Por ANTONIO DE LA TORRE OLID
Cualquier día van a acabar a guantazos los inquilinos del Congreso de los Diputados. El deseo es que no fuera así. Y no es aviesa intención para preocupar al lector. Ni es para dar ideas o incitar, sino todo lo contrario. La convicción es que ocurrirá tarde o temprano. Ya hemos tenido un par de conatos en el Parlamento madrileño y alguna que otra tangana en la constitución de algún ayuntamiento o en mociones de censura.

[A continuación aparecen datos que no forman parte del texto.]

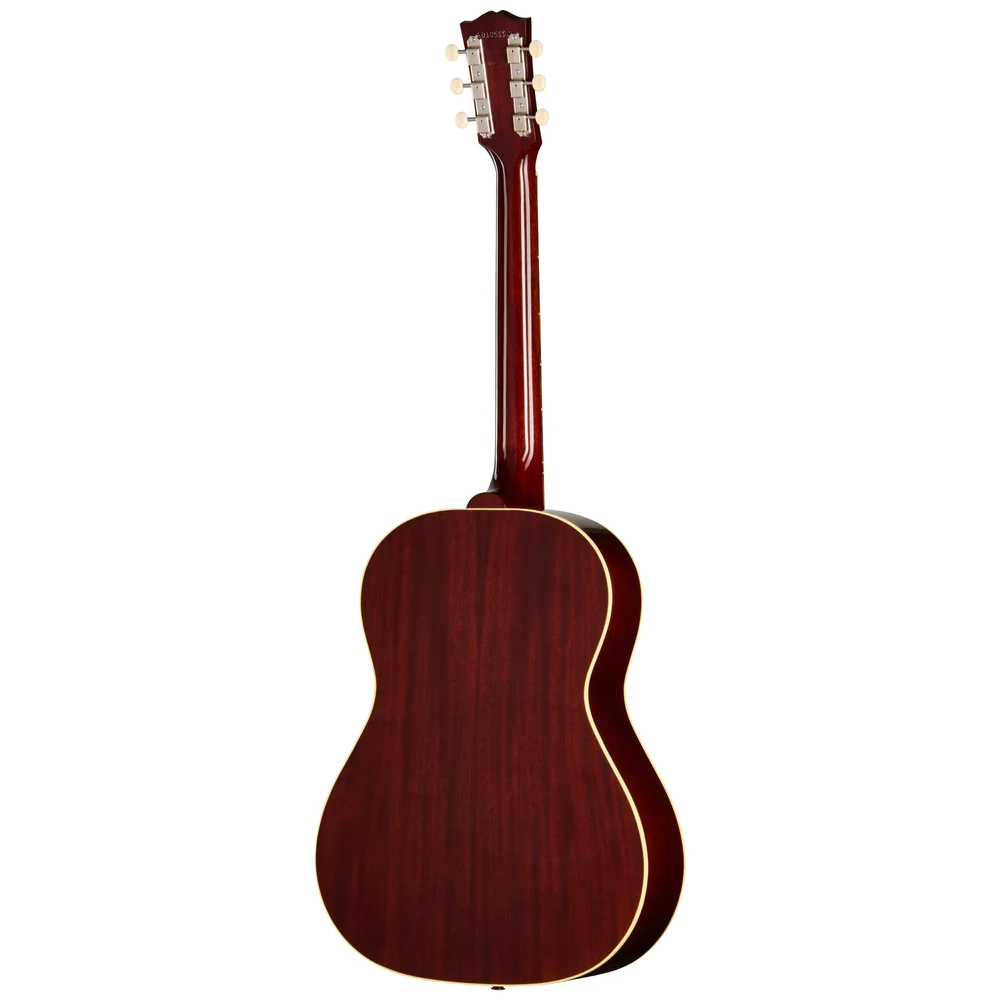 Utseendet kompletteras av ett sluttande rektangulärt rosenträstall med två mother-of-pearl-prickar, bensadel och stallsadel, TUSQ-stallpinnar, Grover Strap-stämskruvar med vita knappar samt ett tortoise teardrop-plektrumskydd för autentisk vintagekaraktär. Sitkagranlocket ger en livlig, klar och balanserad ton som skiljer sig från krigstidens LG-2-modeller med mahognylock och gör den mångsidig för många genrer och spelstilar.

Hemos visto escraches ante domicilios, rodear el Congreso, intentar asaltar un parlamento autonómico, la sede de un partido político o insultar sin ambages ni pudor alguno en redes sociales
-bien entre los mismos políticos o por parte de palmeros y detractores-. Hasta el punto de que el ejercicio de la política se ha acabado convirtiendo en una profesión de riesgo, como la de árbitro de fútbol o bombero, con la diferencia de que en la de bombero es inevitable que lo sea. Pero en el caso de la política, esas mismas señorías y algunos ciudadanos echados al monte y a la hipérbole, ya podrían contribuir a que fuese evitable. Y en el caso de los árbitros de fútbol, evitarlo también está en manos incluso de padres asilvestrados que cada domingo acompañan a sus niños al campo y expanden sus instintos reprimidos como si no hubiera un mañana. Son distintos espejos de una sociedad necesitada de flow y de pararse a pensar en sus derroteros.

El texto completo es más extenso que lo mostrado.